Harm to whom? Personally, I'm happy that MISRA exists and that it is used in safety critical cases. If you mean: harm to developer time- I guess that is a small price to pay if lifes are saved.

Yes, people who think they know what they are doing and think they are infailible are usually wrong. And even if _you_ managed to get it all right in the first iteration, consider this:

• usually, you don't work allone. can the same be said about your coworkers?
• how about having to refacture the whole pile of code three months later? would you still remember all the corner cases you thought about when writing the code? Could there be new corner cases due to the new architecture?

But why? Most people will never notice what's inside the kernel.
Number of features per year taken from release notes is not really a good measure, especially if you use it to prove that the youngest gets most features.


The only real point he has is the lack of specs and other implementations. The former is being worked on (AFAIR a subset of rust for safety critical stuff) and there are humble beginnings of creating a gcc frontend. I'd very much like it to succeed.

If rust will ever be used in the kernel, I'm positive those issues will be worked on even harder.

Apply similar thinking on C replacing assembly, you can see assembly gives more power, performance and freedom of using registers the way you want to developers than C. However C wins for much easier development. Nowadays the importance to let most developers able to write safe code more easily could overweight the inconvenience of Rust. It is fairly reasonable to say Rust has its advantage over C, thought not in every aspect.

There is no perfect language that is powerful, flexible and yet doesn't let you shoot on your own foot, if you actually want the freedom to shoot on your own foot.

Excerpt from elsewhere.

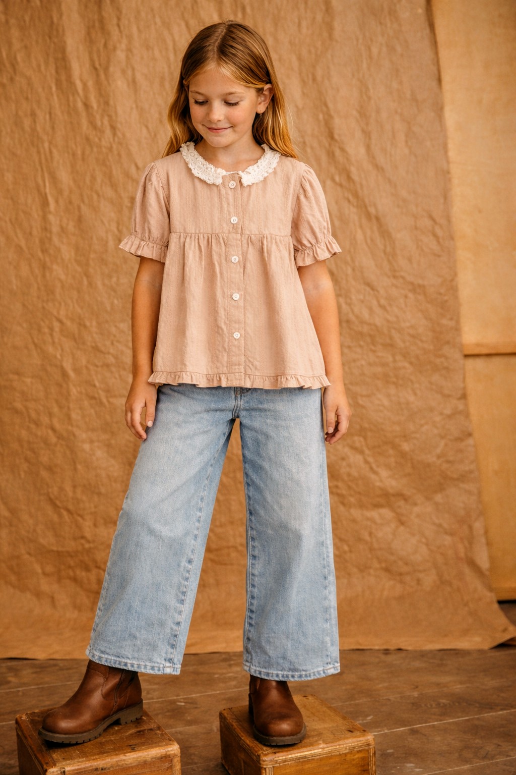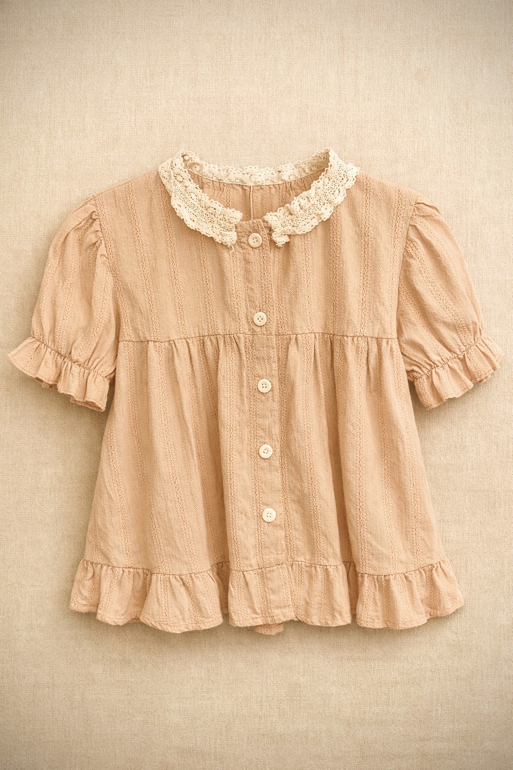 Camisa de niña de vestir, de corte amplio tipo blusa. Sus volados sutiles y los detalles delicados en el cuello aportan un encanto especial y atemporal. Gracias a su color y textura, es una prenda versátil y cómoda, ideal para acompañar distintos estilos y temporadas con elegancia natural.

IMHO, the biggest factors would be a modern development environment for a system programming language, where cargo takes care of everything.

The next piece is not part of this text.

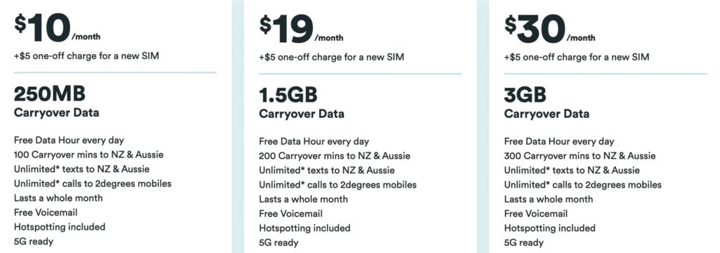 | 25 NZD Plan | 25 NZD | 3GB rollover | 250 rollover min. | Ubegrænset | Daglig gratis time data, 7.5GB gratis rollover data ved tilmelding, hotspotting |

The "guarantee" that if it compiles, it works.
And the CRUCIAL part is that the compilation error messages explains exactly why the error happened.

So you have this PITA compiler/borrow-checker that carries you to solve the issue with it's super detailed message.

Being performant, deterministic, modern without garbage collector and stuff are a plus

It's true that Rust is an opinionated language, that restricts code in a way that lets it automatically check various constraints at compile time.

That's a tradeoff not everyone will appreciate.

But keep in mind that such a tradeoff is pretty standard already, just to a lesser degree. There are various coding standards that OSS projects hold contributions to. You can't just commit any old C code to the linux kernel, it has to be done in a manner which fits in to the project - see https://www.kernel.org/doc/html/v4.1...ing-style.html for example. This is nothing but a restriction on the code you as a developer can write and it can make it more difficult for you to work around and do what you need the code to do. That's done in order to avoid bugs and make the code more maintainable.

Personally, I can't say I love Rust. It does do a lot of interesting things though, and proposals like this deserve real thought and consideration rather than being blindly rejected.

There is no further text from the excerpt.